When choosing values to denote missing values, it is important to select codes that are not possible in your dataset. This will vary from one variable to another.
How to code and define missing values in SPSS
As earlier, explained, when choosing codes for missing values, one should select values that are unlikely in the dataset.
To demonstrate, see the examples below of two variables, gender and income level:
Gender | Income level |
1. Male | 1. < $1,000 |
2. Female | 2. $1,001 – $3,000 |
3. Other | 3. $3,001 – $5,000 |
96. Prefer not to say | 4. >$5,000 |
96. Not applicable |
As shown in the table above, the options “prefer not to say” and “not applicable” have been coded 96.
The next step is to define the missing values in SPSS. If this is not done, SPSS will include the 96 values in all the analyses leading to biased results.
To define the missing values in SPSS:
- Open SPSS and create your codebook.
- Go to variable view and select gender.
- Go to the column titled “missing” and click it.
- From the open dialogue box, select the option “discrete missing values” and put in the code “96.” If you have three missing value codes, you can put them in the three boxes.
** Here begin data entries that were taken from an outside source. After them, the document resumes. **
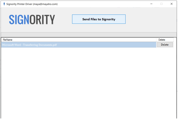 Signority's Printer Driver will then open and prompt you to sign in to your Signority account. Once you are on the printer driver, you can select "Send Files to Signority." This will redirect you to the Signority platform editor page where you can change the settings, add recipients, and add tags, just as you would with a Regular Document.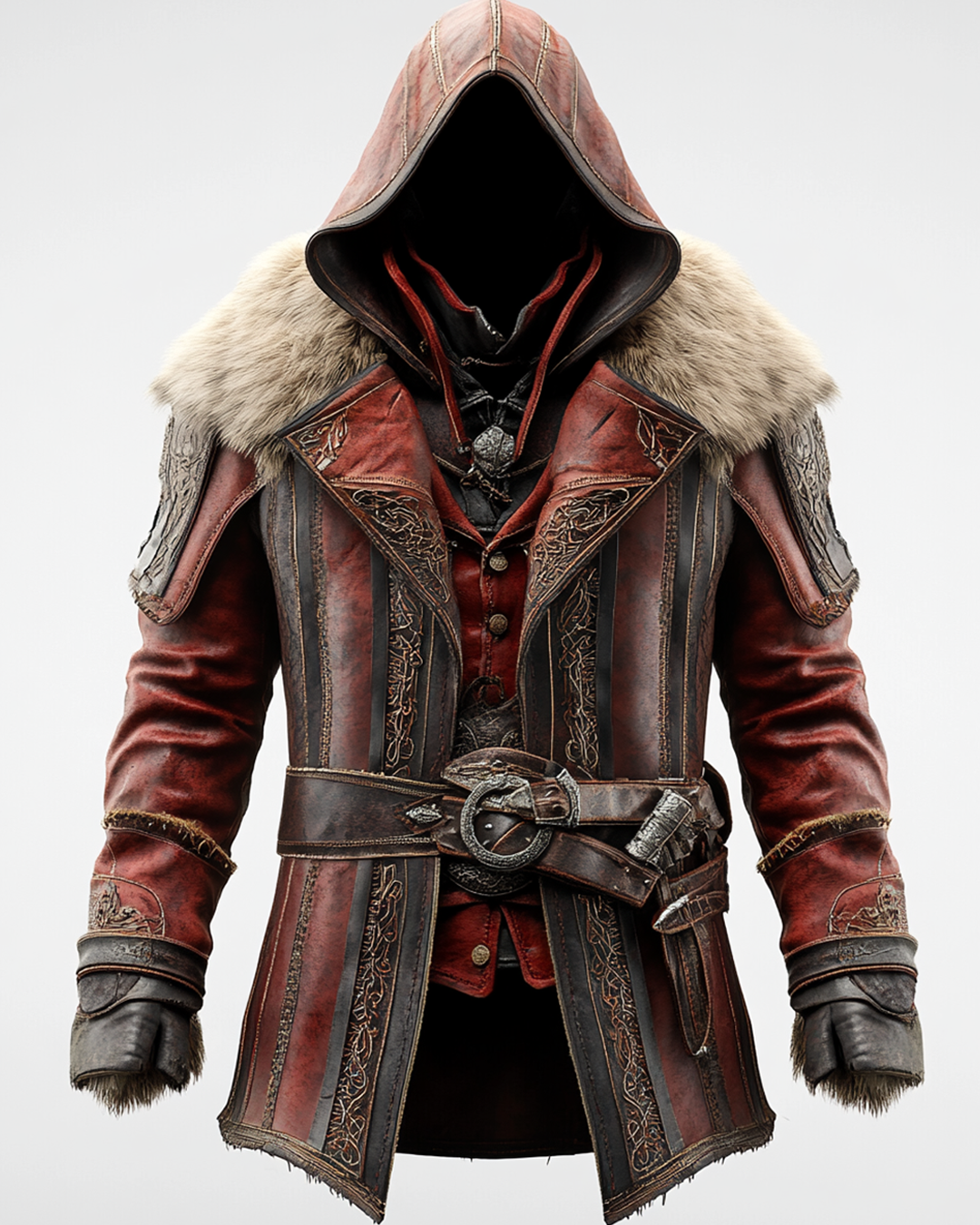 Men's Autumn/Winter Viking Style Embroidered Warm Thick Leather Jacket 3715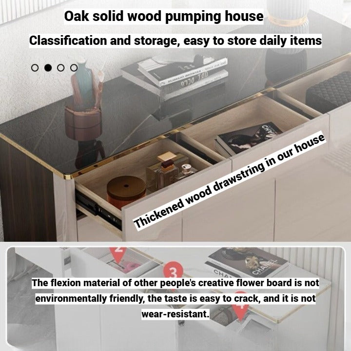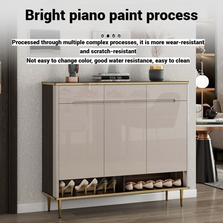 Elevate your home’s entryway with this luxury modern shoe cabinet storage rack, crafted from solid wood and adorned with a sleek tempered glass patterned top for a sophisticated, durable finish. Featuring ample storage space, this shoe organizer combines elegance with function, offering both hidden compartments and open shelving for optimal organization.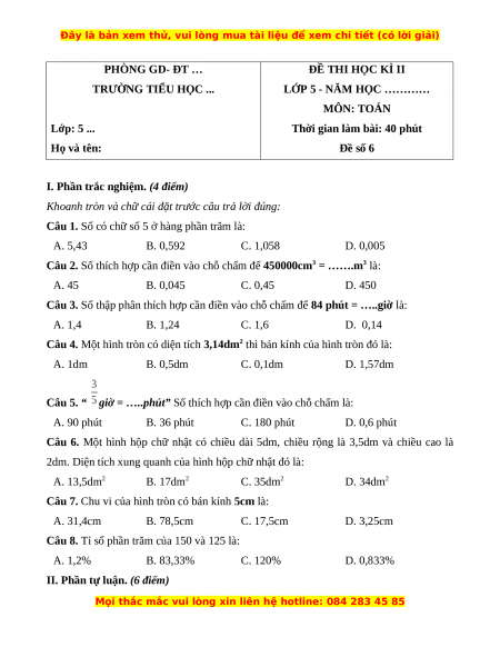 Số có chữ số 5 ở hàng phần trăm là: 1,058 Câu 2. Đáp án đúng là: C 450000cm3 = 0,45m3 Câu 3. Đáp án đúng là: A 84 phút = giờ = 1,4 giờ. Câu 4. Đáp án đúng là: A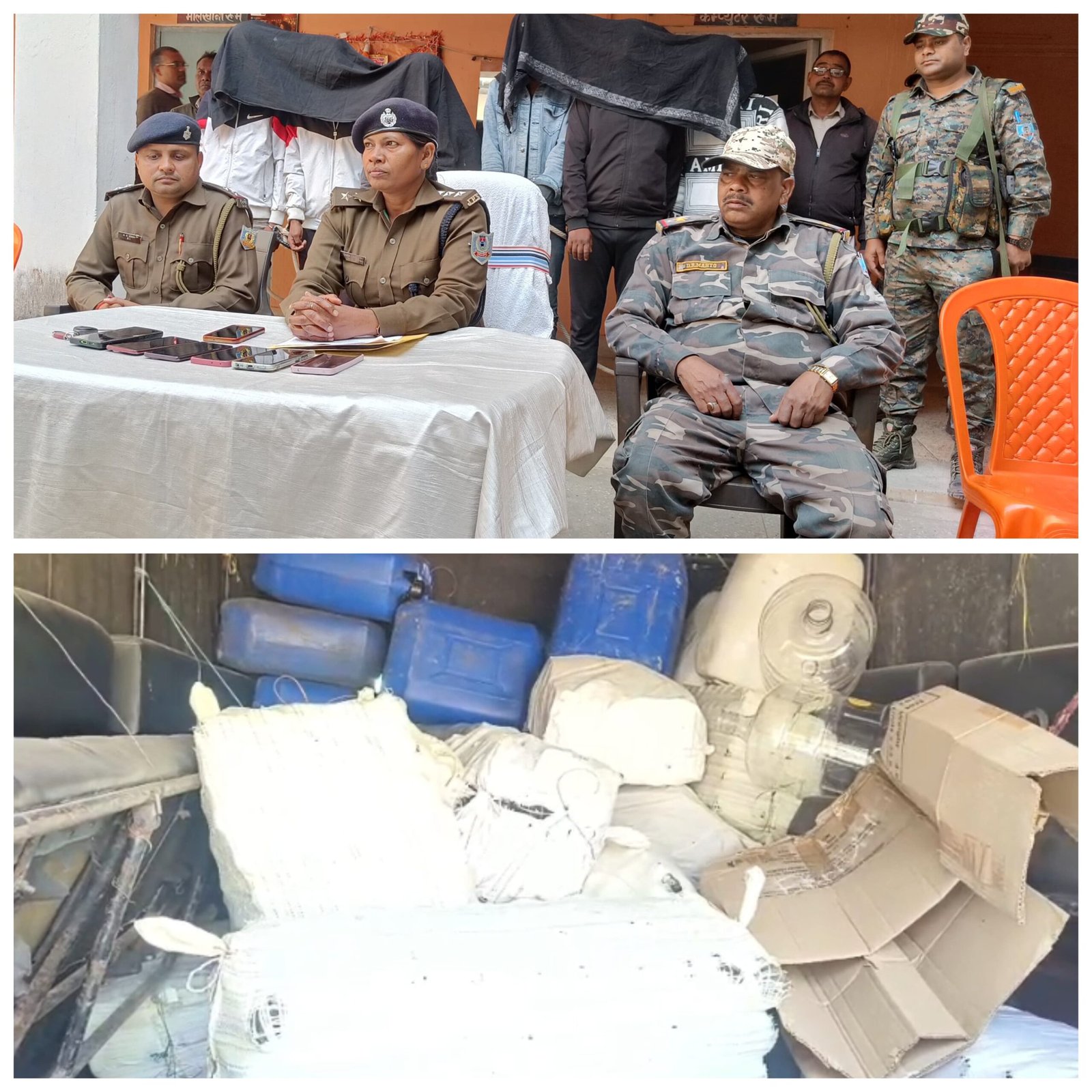 चतरा।इटखोरी थाना क्षेत्र के गुल्ली पार गढ़ा में पुलिस ने बड़ी कार्रवाई करते हुए अवैध मिनी शराब फैक्ट्री का भंडाफोड़ किया है। इस संबंध में डीएसपी अमिता लकड़ा ने प्रेस कॉन्फ्रेंस कर बताया कि चतरा पुलिस अधीक्षक सुमित अग्रवाल को सूचना मिली थी कि गुल्ली से चौपारण की ओर अवैध अंग्रेजी शराब लदी गाड़ी जा रही है। सूचना मिलते ही त्वरित कार्रवाई करते हुए इटखोरी के नंगवा पुल के पास सघन वाहन जांच अभियान चलाया गया। जांच के दौरान एक काले रंग की हुंडई वेन्यू कार और बिना नंबर की सफेद रंग की फ्रॉन्क्स कार को रोका गया। तलाशी पर दोनों गाड़ियों से कुल 16 पेटी अवैध अंग्रेजी शराब बरामद की गई।प्रतिष्ठित ब्रांड की नकल करते थे, मौके से अवैध शराब ले जाने में वाले छह लोगों को गिरफ्तार किया गया।रॉयल चैलेंजर कंपनी का करीब 250 पीस ढक्कन, आईकॉनिक कंपनी का करीब 250 पीस ढकन, रॉयल स्टैग कंपनी का एक बंडल स्टीकर, सिग्नेचर कंपनी का एक बंडल स्टीकर, आईकॉनिक कंपनी का एक बंडल स्टीकर, रॉयल चैलेंजर कंपनी का 250 पीस ढक्कन, ब्लेंडर प्राइड कंपनी का एक बंडल स्टीकर तीन पारदर्शी 20 लीटर के जगह में रखा स्पीड करीब 60 लीटर, एक नीला रंग का ड्रम जिसमें नल लगा हुआ है, प्लास्टिक के बोरा में रखा करीब 1000 पीस खाली शिक्षा कब बोतल, एक पांच लीटर का सफेद रंग का जार में जिसमें करीब 2 लीटर शराब बनाने वाला लिक्विड, अभियुक्त के नाम से 60 विभिन्न कंपनियों का स्क्रीन टच मोबाइल समेत अन्य सामग्री बरामद की गई, जिससे अवैध मिनी शराब फैक्ट्री के संचालन का खुलासा हुआ। डीएसपी अमिता लकड़ा ने बताया कि जब्त शराब में सिग्नेचर, आइकोनिक व्हाइट, ब्लेंडर्स प्राइड, रॉयल स्टैग, रॉयल चैलेंजर सहित विभिन्न ब्रांड शामिल हैं। गिरफ्तार आरोपियों मेंगिरफ्तार अभियुक्तों का नाम (1) नीतीश कुमार यादव उम्र 25 वर्ष पिता छतर यादव ग्राम गली पारगडा थाना इटखोरी (2) संजय यादव उम्र 22 वर्ष पिता रोहित यादव बारीसखी (3) सौरभ कुमार दांगी उम्र 19 वर्ष पिता उपेंद्र दांगी ग्राम सिंदवारी दोनों थाना गिद्धौर (4) अभिषेक कुमार राणा उम्र 25 वर्ष पिता रामभरोस राणा ग्राम बेलखोरी मयूरहंड थाना, (5) सतीश कुमार रजक उम्र 21 वर्ष पिता बाबूलाल रजक ग्राम परोरिया मयूरहंड थाना,(6) टिंकू रविदास उम्र 25 वर्ष पिता विराज रविदास माधोपुर इटखोरी थाना का नाम शामिल है। पुलिस ने इस संबंध में इटखोरी थाना में उत्पाद अधिनियम धाराओं में मामला दर्ज कर सभी आरोपियों को न्यायिक हिरासत में भेज दिया है। डीएसपी अमिता लकड़ा ने कहा कि जिले में अवैध शराब और अन्य आपराधिक गतिविधियों के खिलाफ सख्त अभियान आगे भी जारी रहेगा। कार्रवाई में छापामारी दल में इटखोरी थाना प्रभारी अभिषेक कुमार सिंह, मयूरहंड थाना प्रभारी आशिष प्रसाद, एएसआई पंकज कुमार, एएसआई भगवान 
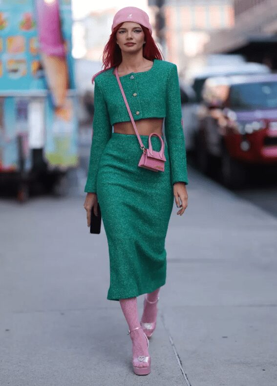 For a real fashion statement, combine several bold colors, including tights as an additional accent. This technique increases the visual dynamism of your outfit.

If more than three, you can use the option “range plus one optional missing value.”
- Click OK.
The code “96” will appear in the missing column for that variable.
Repeat the process for all the variables with missing value codes.
This is demonstrated using the gender variable as shown in the images below.
Once you have a dataset that you want to work with, it is important to analyse the missing values to understand the extent of the missing values and the patterns of the missing values.
Patterns of missing data
There are three main patterns of missing data: missing completely at random (MCAR), missing at random (MAR) and missing not at random or not missing at random (MNAR/NMAR).
Missing completely at random (MCAR)
Data are said to be missing completely at random if all the observations have an equal likelihood of being missing.
The missingness is therefore independent of both the observed and unobserved data.
Example: if you are collecting data on students’ performance, but some of the students’ marks got lost, the missing data will be considered as MCAR.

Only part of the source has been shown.